Superficially, at least, Pour Moi has produced the most flamboyant of all the trials. Whereas Carlton House was barely more than efficient in a slowly run Dante Stakes at York, Pour Moi exploded from last to first in the Prix Greffulhe at Saint-Cloud. Of course, that tells you nothing about the substance of the form, nor of the latent improvement in each. But it would be disingenuous to depict Carlton House as the one and only colt with pretensions to being a champion – and one is 6-4, while the other is 6-1.

"I think Pour Moi has the ability to win," Fabre said. "The question was his experience.
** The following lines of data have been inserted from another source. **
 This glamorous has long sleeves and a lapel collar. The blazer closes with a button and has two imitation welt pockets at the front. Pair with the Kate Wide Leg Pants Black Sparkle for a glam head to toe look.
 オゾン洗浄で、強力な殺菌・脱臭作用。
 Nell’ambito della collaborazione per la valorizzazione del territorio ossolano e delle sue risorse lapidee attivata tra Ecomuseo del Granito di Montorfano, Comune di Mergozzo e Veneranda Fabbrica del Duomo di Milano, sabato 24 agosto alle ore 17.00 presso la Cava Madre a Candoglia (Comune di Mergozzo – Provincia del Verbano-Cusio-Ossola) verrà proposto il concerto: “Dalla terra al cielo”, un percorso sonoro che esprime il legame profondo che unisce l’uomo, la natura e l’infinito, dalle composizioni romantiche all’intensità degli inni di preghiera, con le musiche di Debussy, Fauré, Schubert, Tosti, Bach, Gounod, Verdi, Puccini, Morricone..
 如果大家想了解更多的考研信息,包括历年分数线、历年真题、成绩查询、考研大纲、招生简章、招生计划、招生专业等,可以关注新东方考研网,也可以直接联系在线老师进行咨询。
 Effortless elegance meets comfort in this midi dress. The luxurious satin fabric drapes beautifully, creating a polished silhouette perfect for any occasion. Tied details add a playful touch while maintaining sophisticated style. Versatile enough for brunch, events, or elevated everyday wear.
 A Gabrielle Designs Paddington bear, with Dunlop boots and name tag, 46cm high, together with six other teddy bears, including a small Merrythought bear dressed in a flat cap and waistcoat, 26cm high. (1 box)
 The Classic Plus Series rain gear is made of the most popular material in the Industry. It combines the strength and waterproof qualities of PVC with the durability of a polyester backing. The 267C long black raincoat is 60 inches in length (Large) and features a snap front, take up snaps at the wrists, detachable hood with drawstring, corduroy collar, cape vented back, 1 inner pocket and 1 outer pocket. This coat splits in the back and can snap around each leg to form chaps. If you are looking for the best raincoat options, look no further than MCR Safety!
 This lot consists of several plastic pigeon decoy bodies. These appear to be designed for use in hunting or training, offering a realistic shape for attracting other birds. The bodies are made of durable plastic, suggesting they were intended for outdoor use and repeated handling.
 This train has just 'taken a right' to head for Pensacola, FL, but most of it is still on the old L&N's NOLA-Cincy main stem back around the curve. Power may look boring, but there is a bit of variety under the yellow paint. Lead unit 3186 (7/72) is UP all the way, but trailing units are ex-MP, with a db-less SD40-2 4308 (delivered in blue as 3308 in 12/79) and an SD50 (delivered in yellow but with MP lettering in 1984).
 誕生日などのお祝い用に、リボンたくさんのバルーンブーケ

It was a worry for me that the French type of races would not give him enough preparation. In his previous race, they had walked, and he pulled hard. But in the Greffulhe they went a good pace, he could switch off, and show his true ability."

Another distinguished visitor from overseas was likewise emboldened yesterday to return for a highlight of the Queen's sporting year. Mike Smith, the Hall of Fame jockey, made short work of just two rivals for a maiden at Folkestone on Gentlemans Code, and the pair will now proceed to Royal Ascot next month.

Turf account

Chris McGrath's Nap

Primaeval (4.05 Newmarket) Still not that many miles on the clock, and promised to surpass this kind of mark when giving a couple of others a start over course and distance on his return.

Next best

Paradise Place (5.25 Brighton) Has thrived for a new trainer, winning over this trip on the all-weather and registering better again in defeat in two subsequent starts back on turf.

One to watch

Kitty Wells (Luca Cumani) Is a sister to a St Leger winner in Milan and remains ahead of her revised handicap mark, judged on the way she finished when getting clear on her reappearance at Haydock last week.

Where the money's going

Totesport cut Pour Moi to 11-2 from 13-2 for the Investec Derby after his visit to Epsom yesterday, but also laid the outsiders Ocean War and Masked Marvel, both 20-1 from 25-1.